C2orf16 isoform 2 has no transmembrane domains,[20] and is predicted to be localized to the nucleus after translation due to two nuclear localization sequences predicted at residues 1,233 and 1,281.[21] No nuclear export sequence is conserved amongst orthologs,[22] suggesting C2orf16 is not meant to leave the nucleus after import. No N- or C- terminal modifications were predicted.[23][24][25][26]
Sub-cellular Localization
C2orf16 is predicted to be localized to the nucleus after transcription.[8]
Structure
The 3D structure of C2orf16 is predicted to have three major domains. Domain 1 is from amino acids 1 to 662, domain 2 is from amino acids 674 to 1,487, and domain 3 is from amino acids 1,488 to 1,984.[27] Domain 1 and 2 are predicted to be connected via a stretch of 12 amino acids not otherwise organized into a secondary structure allowing flexibility between domains 1 and 2. Domain 2 is predicted to have protein interacting domains for transcription factors.[27] Domain 3 is predicted to follow a "balls on a string" structure[27] and has many sites for possible phosphorylation.[28]
Protein Interactions
C2orf16 has been shown to have a physical interaction with proto-oncogene Myc by tandem affinity purification.[29]
Ortholog Phylogeny
68 orthologs are known for C2orf16.[8] The protein seems to have appeared in the mammalian evolutionary history 320 million years ago, around the divergence of mammals from reptiles. This history would explain why orthologs do not exist in amphibians, reptiles, birds, nor other more distantly related species.[30]

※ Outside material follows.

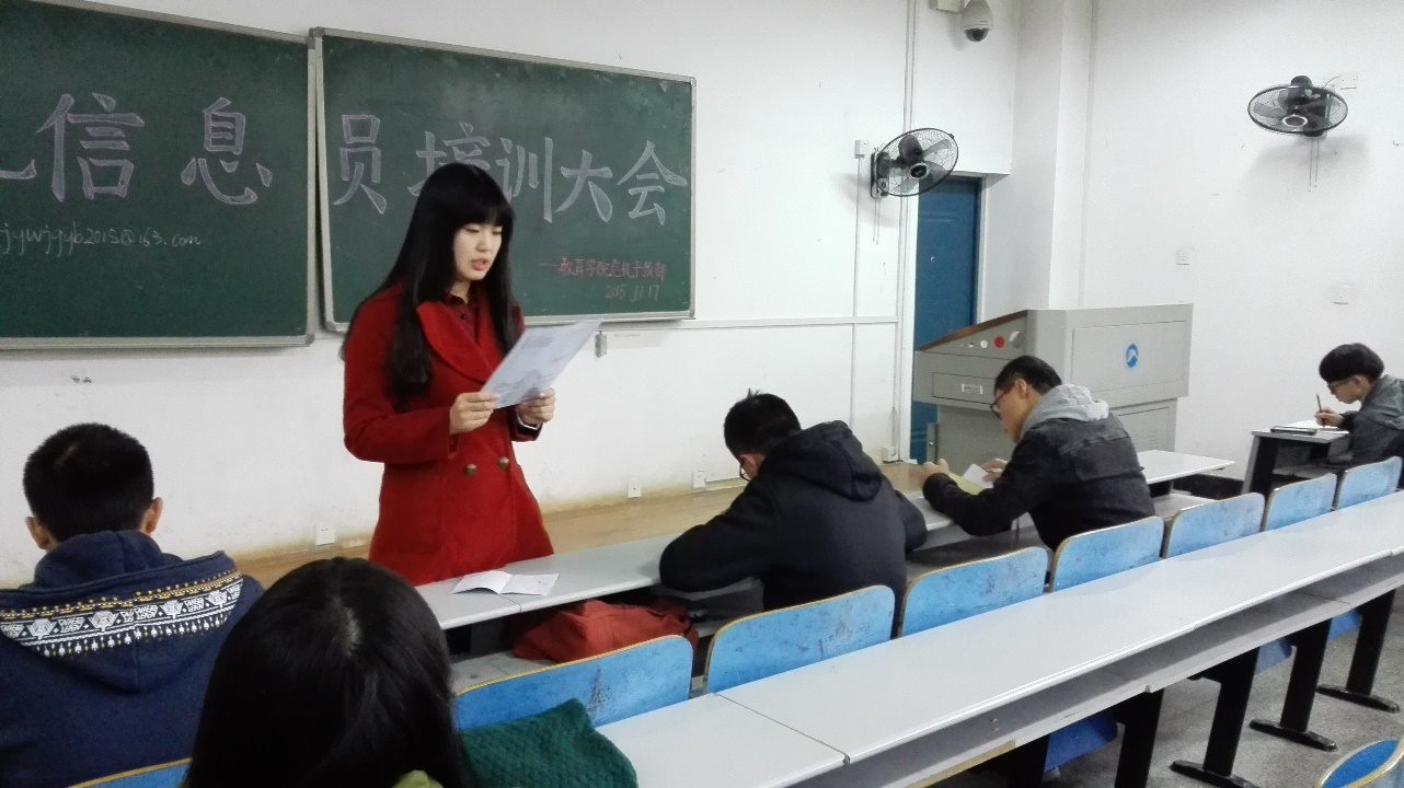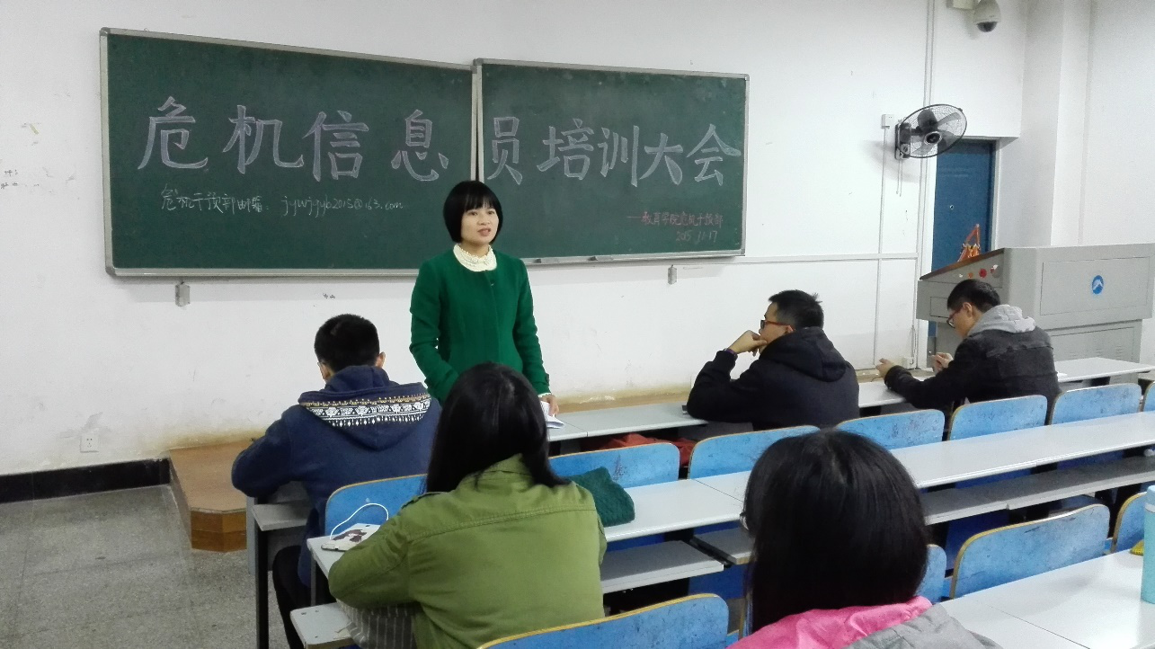 为了响应学校心理健康工作的改革方案。教育学院危机干预部在2015年11月17日于八教1-4组织召开了12、13、14、15级所有危机信息员的培训大会,这是本学期以来的第二次大型会议。本次会议主要讲解了新的工作安排,解决了危机信息员在工作中遇到的问题,了解了各级各班危机信息员的工作情况。出席本次会议的有:教育学院心理辅导员老师练素华、团委学生会副主席兼危机干预部部长肖雨薇同学、以及危机干预部的全体成员。会议由危机干预部部长主持召开。

Any orthologs from species more distant from humans than other mammals are likely not related in function, however, the P-S-E-R-S-H-H-S repeat is present in bony fishes, crustaceans, stramenopiles including potato blight, plantae, and prokaryotes.[30]

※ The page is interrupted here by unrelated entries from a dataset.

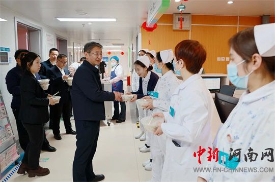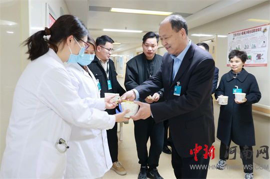 “大家值班辛苦了!”張志韌來到兒內(nèi)一科、兒內(nèi)二科、生理產(chǎn)科、病理產(chǎn)科、急診科等科室,親切看望慰問了這里堅守崗位的醫(yī)務(wù)人員和住院患者,向他們送上熱氣騰騰的餃子。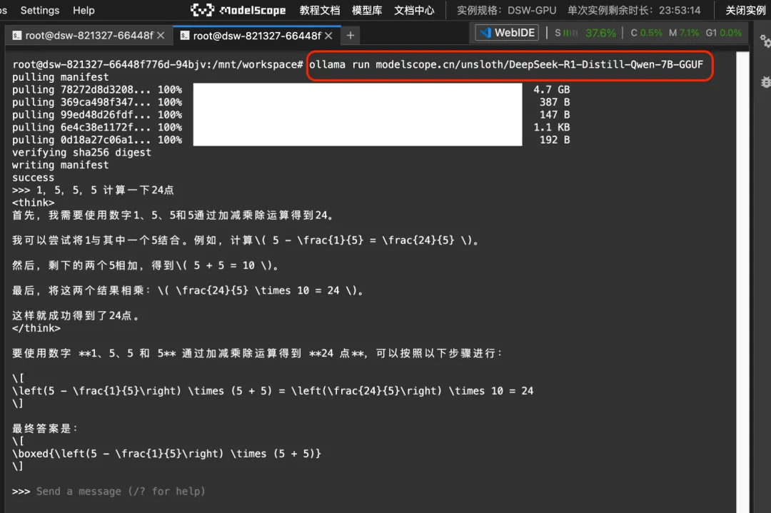 在魔搭社区免费算力上(单卡24G显存),使用vLLM推理deepseek-ai/DeepSeek-R1-Distill-Qwen-1.5B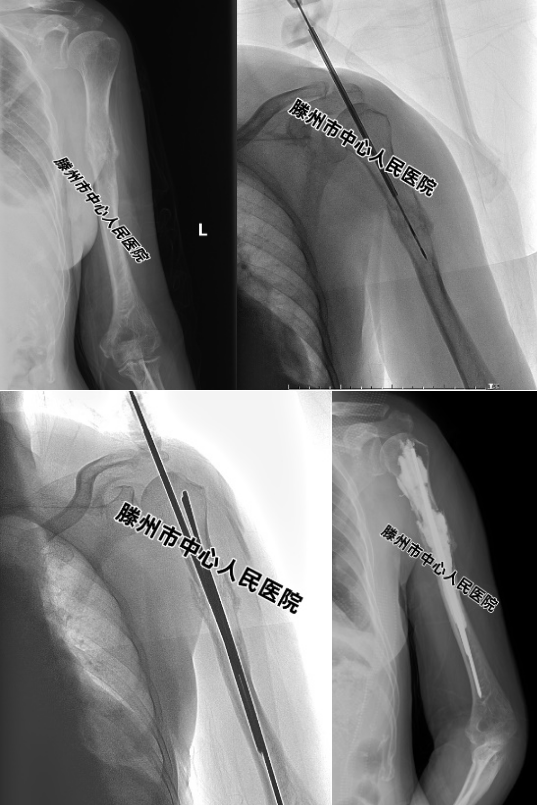 患者,女,62歲,因“咳嗽伴右上肢疼痛1個(gè)月”,在本院診斷為“肺腺癌并右肱骨轉(zhuǎn)移”。先進(jìn)行放療,效果不佳,右上肢疼痛難忍,不能活動(dòng),CT、MRI及拍片檢查發(fā)現(xiàn)右側(cè)肱骨溶骨性轉(zhuǎn)移,骨皮質(zhì)破壞明顯,隨時(shí)都有發(fā)生病理性骨折的風(fēng)險(xiǎn)。

The transposon repeat may have been reintroduced to mammals by a viral vector.
Repeat Sequence
The P-S-E-R-S-H-H-S repeat sequence is seen to be conserved in orthologs for C2orf16, and is conserved in organisms as distantly related as oomycete slime mold[31] and plants including the chloroplasts of Ashby's Wattle.[32] The S-P-S-E-R portion of the repeat is seen to be the most important for conservation, as seen by alignment with these orthologs and by creation of a Logo.[33]
The conservation analysis of the repeat shows the initial S-P-S is highly conserved, possibly for phosphorylation(S) and structure(P), and the R is almost completely conserved, mutating to a Lysine in some orthologs,[32] implying the positive charge is necessary for the purpose of the repeat.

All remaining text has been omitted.